The Master Service runs as an independent process, provides gRPC interfaces externally, and is responsible for the metadata management of Mooncake Store (note that the Master Service does not reuse the metadata service of the Transfer Engine). The default listening port is 50051
. After compilation, you can directly run mooncake_master
located in the build/mooncake-store/src/
directory. After starting, the Master Service will output the following content in the log:
Starting Mooncake Master Service
Port: 50051
Max threads: 4
Master service listening on 0.0.0.0:50051
Mooncake Store provides various sample programs, including interface forms based on C++ and Python. Below is an example of how to run using stress_cluster_benchmark
.
- Open
stress_cluster_benchmark.py
and modify the initialization code according to the network situation, focusing onlocal_hostname
(corresponding to the local machine IP address),metadata_server
(corresponding to the Transfer Engine metadata service),master_server_address
(corresponding to the Master Service address and port), etc.:
import os
import time
from distributed_object_store import DistributedObjectStore
store = DistributedObjectStore()
# Protocol used by the transfer engine, optional values are "rdma" or "tcp"
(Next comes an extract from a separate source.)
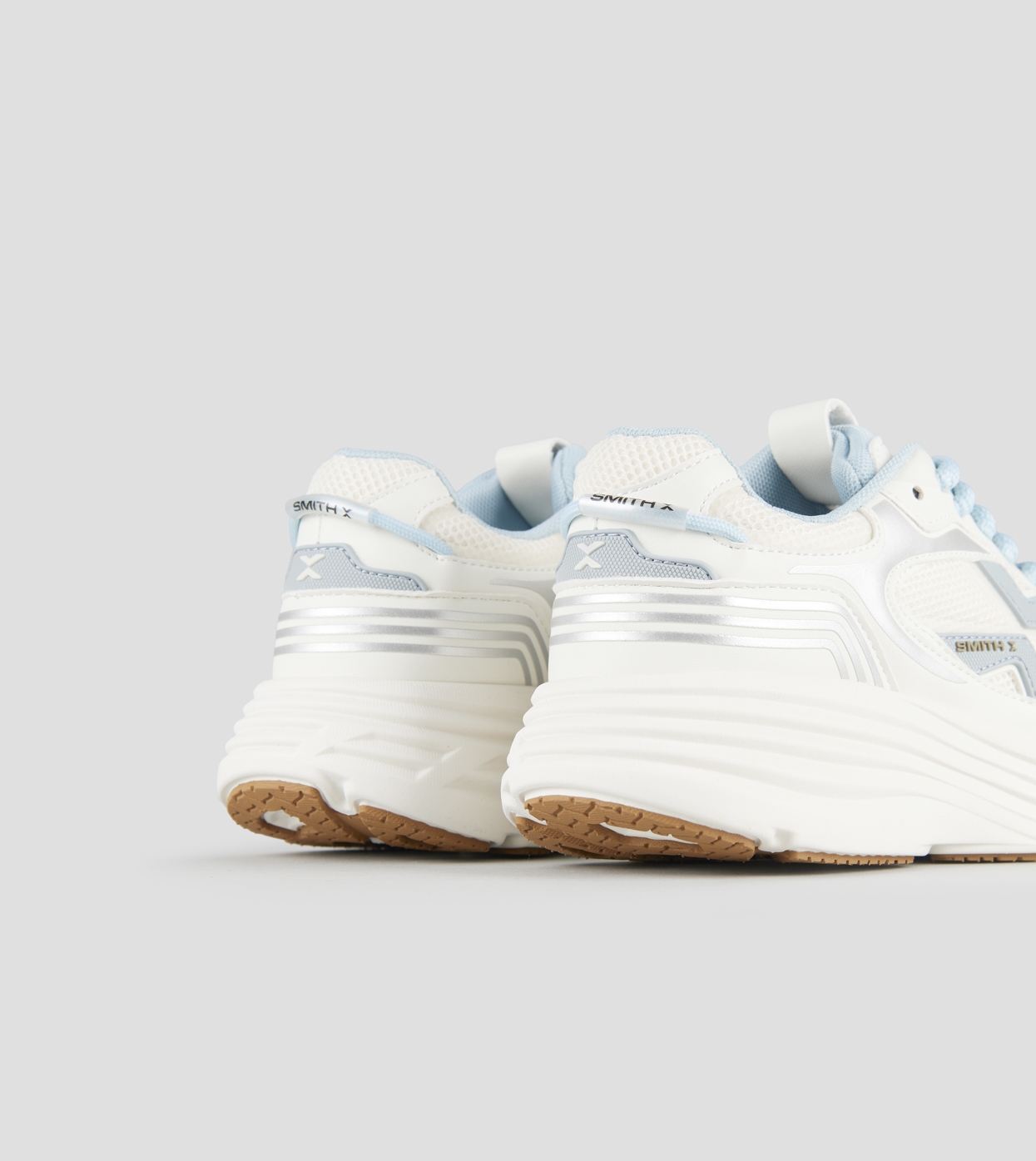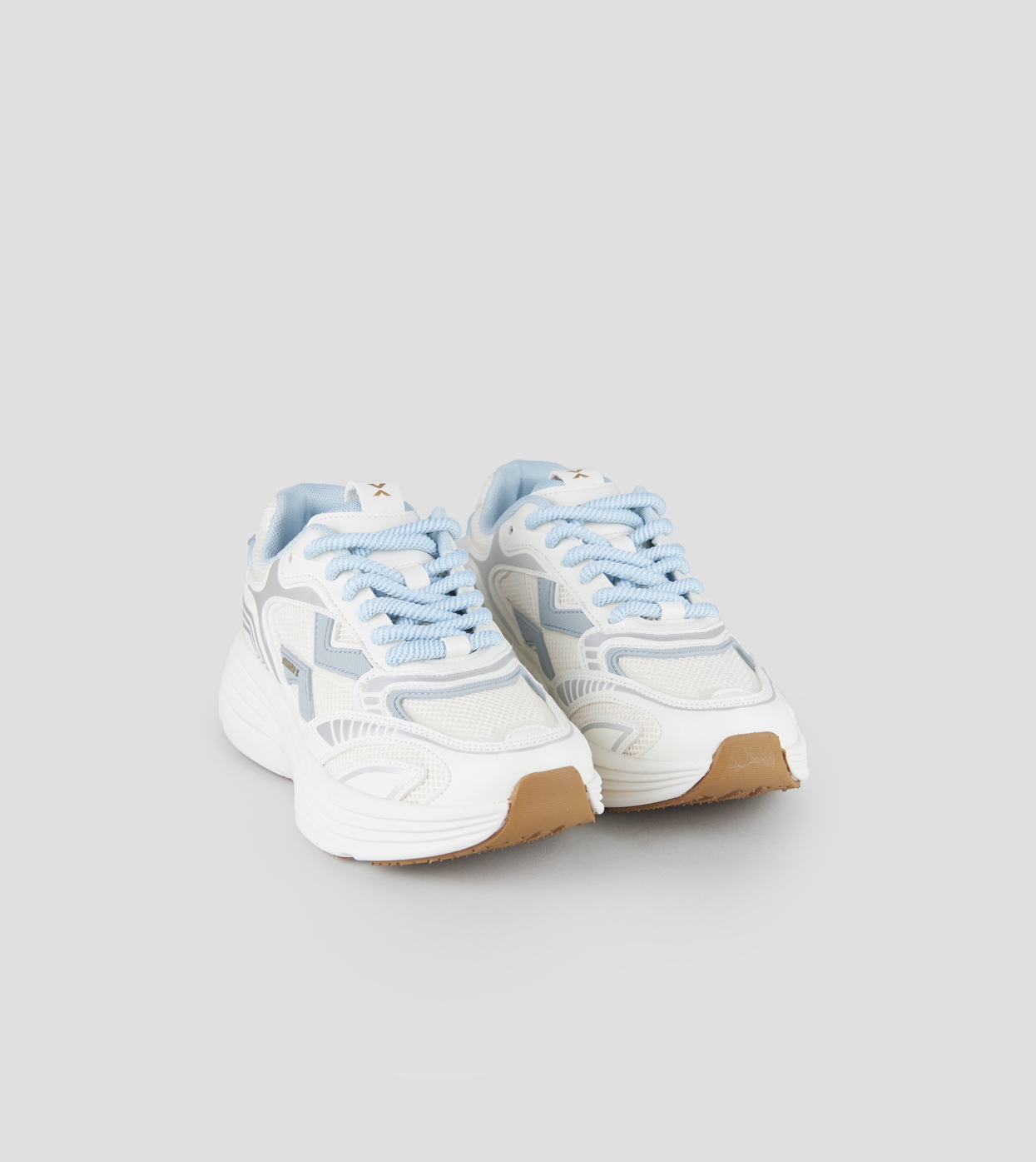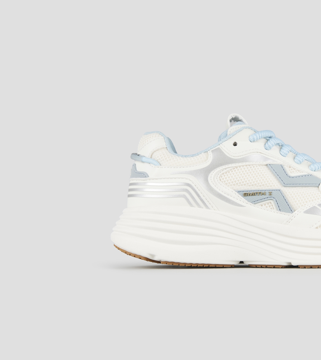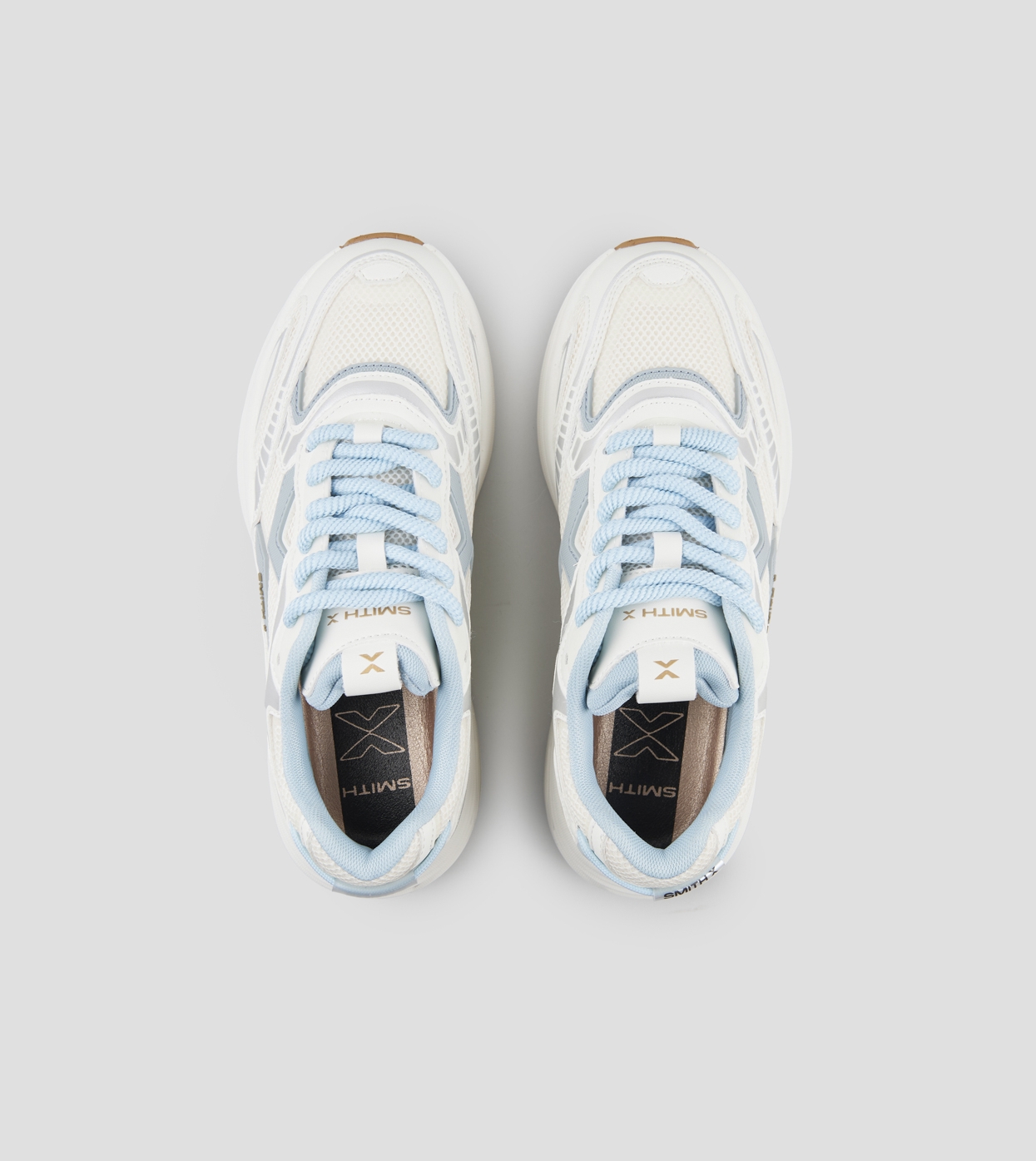 Storm Donna in pelle bianca e tessuto tecnico con dettagli azzurri

protocol = os.getenv("PROTOCOL", "tcp")
# Device name used by the transfer engine
device_name = os.getenv("DEVICE_NAME", "ibp6s0")
# Hostname of this node in the cluster, port number is randomly selected from (12300-14300)
local_hostname = os.getenv("LOCAL_HOSTNAME", "localhost")
# Metadata service address of the Transfer Engine, here etcd is used as the metadata service
metadata_server = os.getenv("METADATA_ADDR", "127.0.0.1:2379")
# The size of the Segment mounted by each node to the cluster, allocated by the Master Service after mounting, in bytes
global_segment_size = 3200 * 1024 * 1024
# Local buffer size registered with the Transfer Engine, in bytes
local_buffer_size = 512 * 1024 * 1024
# Address of the Master Service of Mooncake Store
master_server_address = os.getenv("MASTER_SERVER", "127.0.0.1:50051")
# Data length for each put()
value_length = 1 * 1024 * 1024
# Total number of requests sent
max_requests = 1000
# Initialize Mooncake Store Client
retcode = store.setup(
local_hostname,
metadata_server,
global_segment_size,
local_buffer_size,
protocol,
device_name,
master_server_address,
)
- Run
ROLE=prefill python3 ./stress_cluster_benchmark.py
on one machine to start the Prefill node. - Run
ROLE=decode python3 ./stress_cluster_benchmark.py
on another machine to start the Decode node. No error messages indicate successful data transfer.
We provide a reference example distributed_object_store_provider.py
, located in the mooncake-store/tests
directory. To check if the related components are properly installed, you can run etcd and Master Service (mooncake_master
) in the background on the same server, and then execute this Python program in the foreground. It should output a successful test result.
The C++ API of Mooncake Store provides more low-level control capabilities. We provide a reference example client_integration_test
, located in the mooncake-store/tests
directory. To check if the related components are properly installed, you can run etcd and Master Service (mooncake_master
) on the same server, and then execute this C++ program (located in the build/mooncake-store/tests
directory). It should output a successful test result.